Had a great time bowhunting with family this year. We were hunting public land in the southern unit. Thanks to some great scouting by my little bro, and bro in law, we saw alot of bucks this year. And some ridiculously HUGE elk. I wasnt able to get any shot opportunities on the bigger bucks, but did manage to harvest this little 4 X 3. 

I am a sucker for a plan that comes together perfectly, and I could not resist letting an arrow fly when I had the chance. This guy was grouped with 4 other bucks, two of which were better than him, but I had the best shot op on this guy. It was a difficult sneak on 5 bucks, but after an hour or so I had managed to get within 55 yards, which was close enough. The shot took out both lungs, the heart, and broke his shoulder on the way out. The deer was on the ground and still within 10 seconds, and only went about 15 yards. I have tried most of the mechanicals out there, and have been most pleased with the Grim Reapers. Have never had any problems with them, and have been amazed at their performance.

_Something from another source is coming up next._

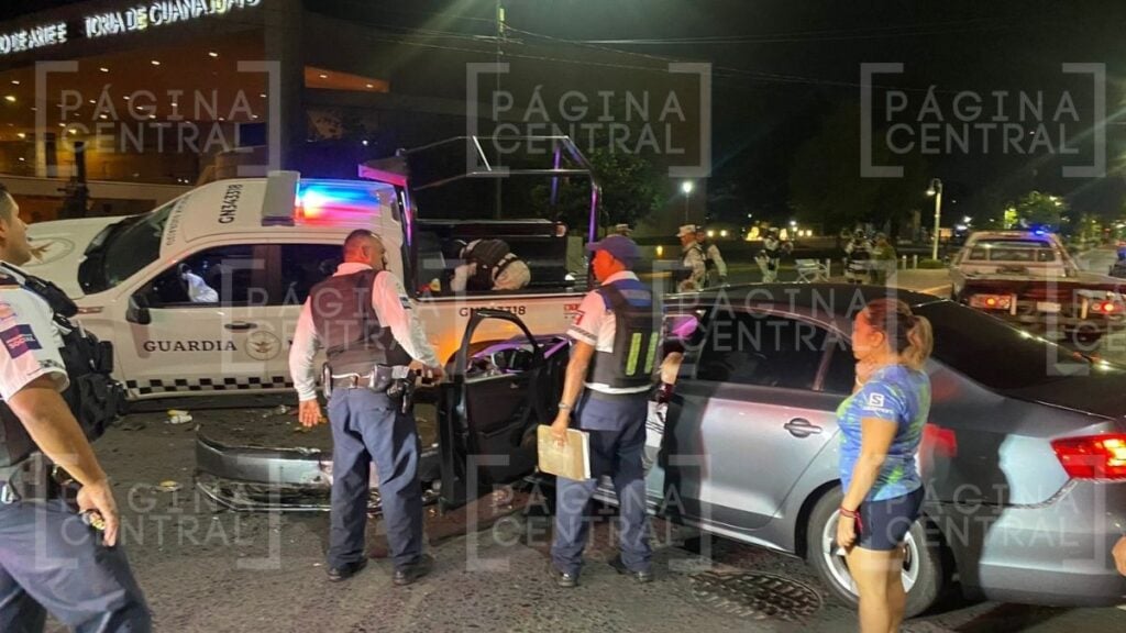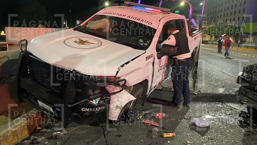 El accidente se registró en la esquina de la avenida Francisco Juárez, cuando el conductor que manejaba el vehículo de la Guardia Nacional quería ganarle el paso.

Beautiful country, great company, and another enjoyable hunt.


----------



## longbow (Mar 31, 2009)

Good shooting. You sneaked in to 55 yards and you made the shot work. You've got to feel good about that! Congrats, Chuck.


----------



## Mtn. Runner (Oct 7, 2009)

Congrats on a nice buck


----------



## middlefork (Nov 2, 2008)

Way to go. Nice buck.


----------



## wyogoob (Sep 7, 2007)

Nice deer, nice shot.


----------



## dkhntrdstn (Sep 7, 2007)

Nice buck there.Great shot.


----------



## NHS (Sep 7, 2007)

Awesome! Congrats!


----------



## Mountain Time (Sep 24, 2007)

Congratulations. Any buck with a bow is a trophy. Like you said it's a thrill in it's own right when a plan comes together. I will also second the grim reapers, that's what I shot my MT Goat with this year and he only went 30 yards...


----------



## stillhunterman (Feb 15, 2009)

Well done! Great deer


----------



## Old Fudd (Nov 24, 2007)

Super Buck!! Great Camo! Looks like you were on top. West of Richfield. Either that or I ran into your twin, Oh well, still a super buck, !


----------



## franklin13 (Oct 12, 2009)

Awesome deer! congrats!


----------